Copyright © 2020 Albuquerque Journal
SANTA FE – A state employee will get about $1,400 in back wages after federal investigators found that New Mexico’s human services agency initially refused to grant her paid sick leave to care for her children amid the coronavirus pandemic.
The U.S. Department of Labor said Tuesday that the employee – a single mother of three – was unable to work from home while also watching her young children after the closure of schools.
The state Human Services Department – one of the agencies helping to coordinate New Mexico’s coronavirus response – initially refused to grant the leave the employee sought under a newly passed federal law, the Families First Coronavirus Response Act, federal officials said.
Human Services spokeswoman Jodi McGinnis Porter said the question about the time off came before the new law took effect last month.
The state, she said, “sought assistance from the U.S. Department of Labor on the interpretation of the leave act and whether the leave could be granted,” she said. “All of this happened before the effective date of the act. The employee filled out the appropriate paperwork, and the leave was granted.”

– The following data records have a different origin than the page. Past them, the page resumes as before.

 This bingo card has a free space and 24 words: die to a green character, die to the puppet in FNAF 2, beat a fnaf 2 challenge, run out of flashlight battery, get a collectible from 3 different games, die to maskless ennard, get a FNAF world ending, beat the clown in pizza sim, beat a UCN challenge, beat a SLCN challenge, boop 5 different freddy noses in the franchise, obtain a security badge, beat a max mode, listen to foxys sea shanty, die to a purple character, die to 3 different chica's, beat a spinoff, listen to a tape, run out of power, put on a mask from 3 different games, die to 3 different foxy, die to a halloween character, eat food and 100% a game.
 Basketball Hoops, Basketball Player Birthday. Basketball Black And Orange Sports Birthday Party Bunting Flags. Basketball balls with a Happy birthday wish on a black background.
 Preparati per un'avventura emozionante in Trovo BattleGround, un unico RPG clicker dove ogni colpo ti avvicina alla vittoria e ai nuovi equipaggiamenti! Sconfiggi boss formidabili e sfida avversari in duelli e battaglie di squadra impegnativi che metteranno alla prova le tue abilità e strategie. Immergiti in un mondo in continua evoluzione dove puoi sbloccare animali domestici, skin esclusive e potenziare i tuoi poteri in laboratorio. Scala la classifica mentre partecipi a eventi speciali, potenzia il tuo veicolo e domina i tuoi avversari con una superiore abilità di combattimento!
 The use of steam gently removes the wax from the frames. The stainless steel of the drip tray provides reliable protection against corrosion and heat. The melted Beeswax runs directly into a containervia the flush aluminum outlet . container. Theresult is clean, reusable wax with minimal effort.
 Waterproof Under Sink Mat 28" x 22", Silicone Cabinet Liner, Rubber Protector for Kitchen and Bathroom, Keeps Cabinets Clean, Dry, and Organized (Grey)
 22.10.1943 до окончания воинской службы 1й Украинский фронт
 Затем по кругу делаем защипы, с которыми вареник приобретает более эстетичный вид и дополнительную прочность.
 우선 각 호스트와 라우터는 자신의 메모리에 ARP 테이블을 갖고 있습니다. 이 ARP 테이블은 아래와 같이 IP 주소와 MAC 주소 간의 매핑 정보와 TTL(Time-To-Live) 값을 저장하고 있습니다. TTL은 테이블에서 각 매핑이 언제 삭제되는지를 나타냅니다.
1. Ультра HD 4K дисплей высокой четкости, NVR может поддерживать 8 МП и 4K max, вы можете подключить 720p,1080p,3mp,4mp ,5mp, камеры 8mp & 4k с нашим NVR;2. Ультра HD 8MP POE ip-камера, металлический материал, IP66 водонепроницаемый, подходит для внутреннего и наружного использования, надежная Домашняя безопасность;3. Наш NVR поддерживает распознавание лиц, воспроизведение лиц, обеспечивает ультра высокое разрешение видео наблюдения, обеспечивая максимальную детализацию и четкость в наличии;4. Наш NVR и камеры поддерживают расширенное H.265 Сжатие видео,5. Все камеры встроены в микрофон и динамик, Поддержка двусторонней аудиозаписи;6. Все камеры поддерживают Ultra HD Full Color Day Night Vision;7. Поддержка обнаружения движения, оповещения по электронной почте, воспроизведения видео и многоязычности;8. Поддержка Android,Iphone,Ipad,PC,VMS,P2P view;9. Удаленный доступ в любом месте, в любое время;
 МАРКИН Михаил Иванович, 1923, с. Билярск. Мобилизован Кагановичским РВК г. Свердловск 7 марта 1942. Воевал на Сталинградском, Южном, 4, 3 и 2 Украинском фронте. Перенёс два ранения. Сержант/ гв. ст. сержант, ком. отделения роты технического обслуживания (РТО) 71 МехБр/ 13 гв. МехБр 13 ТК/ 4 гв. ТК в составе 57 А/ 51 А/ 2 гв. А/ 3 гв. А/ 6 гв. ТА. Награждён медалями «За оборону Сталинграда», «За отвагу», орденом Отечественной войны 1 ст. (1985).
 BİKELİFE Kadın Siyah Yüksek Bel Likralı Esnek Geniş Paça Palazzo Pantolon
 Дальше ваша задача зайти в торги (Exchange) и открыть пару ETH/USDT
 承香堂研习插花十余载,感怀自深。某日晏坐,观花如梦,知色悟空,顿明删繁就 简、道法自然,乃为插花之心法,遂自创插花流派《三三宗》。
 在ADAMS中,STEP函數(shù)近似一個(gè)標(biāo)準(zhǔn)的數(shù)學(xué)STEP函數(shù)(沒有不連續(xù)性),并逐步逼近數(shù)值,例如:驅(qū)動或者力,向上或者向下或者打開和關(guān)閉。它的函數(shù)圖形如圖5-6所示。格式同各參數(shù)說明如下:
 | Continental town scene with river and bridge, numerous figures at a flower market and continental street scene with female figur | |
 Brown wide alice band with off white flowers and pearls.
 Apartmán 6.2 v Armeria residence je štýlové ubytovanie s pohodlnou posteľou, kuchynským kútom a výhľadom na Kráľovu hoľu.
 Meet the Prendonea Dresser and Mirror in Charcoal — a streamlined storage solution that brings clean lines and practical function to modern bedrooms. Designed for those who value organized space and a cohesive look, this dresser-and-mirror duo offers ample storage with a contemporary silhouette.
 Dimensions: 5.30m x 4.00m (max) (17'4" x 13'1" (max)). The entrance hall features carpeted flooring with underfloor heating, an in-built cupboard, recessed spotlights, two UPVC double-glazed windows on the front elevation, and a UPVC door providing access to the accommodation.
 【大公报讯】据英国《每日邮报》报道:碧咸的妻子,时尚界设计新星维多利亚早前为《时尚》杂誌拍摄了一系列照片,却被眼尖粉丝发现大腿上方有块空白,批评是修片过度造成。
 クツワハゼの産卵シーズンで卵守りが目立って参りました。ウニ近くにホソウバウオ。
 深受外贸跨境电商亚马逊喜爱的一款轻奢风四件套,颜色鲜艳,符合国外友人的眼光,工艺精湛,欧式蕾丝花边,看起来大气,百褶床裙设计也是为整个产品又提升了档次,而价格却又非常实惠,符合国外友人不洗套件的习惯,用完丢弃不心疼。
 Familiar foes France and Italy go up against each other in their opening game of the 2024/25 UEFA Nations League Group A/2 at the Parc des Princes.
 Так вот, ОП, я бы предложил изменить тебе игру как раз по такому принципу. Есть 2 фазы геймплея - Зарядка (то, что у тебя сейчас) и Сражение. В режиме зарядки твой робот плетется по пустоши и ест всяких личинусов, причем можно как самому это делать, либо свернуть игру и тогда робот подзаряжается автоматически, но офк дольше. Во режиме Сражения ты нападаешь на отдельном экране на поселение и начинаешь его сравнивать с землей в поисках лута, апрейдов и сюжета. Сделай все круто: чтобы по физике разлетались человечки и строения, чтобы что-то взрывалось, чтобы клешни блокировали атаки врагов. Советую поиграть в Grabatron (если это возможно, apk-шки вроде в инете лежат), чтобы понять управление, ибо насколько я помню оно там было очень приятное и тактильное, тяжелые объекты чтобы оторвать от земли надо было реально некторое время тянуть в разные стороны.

The law, which went into effect April 1, allows employees to take leave when caring for children because of school closures, restrictions on child care centers or other disruptions caused by coronavirus.
Federal officials said the state cooperated with the investigation and resolved the dispute once it understood its responsibilities under the law.
“The U.S. Department of Labor will continue to educate employers, including state and local governments, through our website and extensive outreach efforts to ensure that workers and employers have the information they need about the benefits and protections of this new law,” Evelyn Sanchez, a wage and hour district director in the Labor Department, said in a written statement.
The department’s Wage and Hour Division has a website – www.dol.gov/agencies/whd/pandemic – to help employees and their employers understand the new law.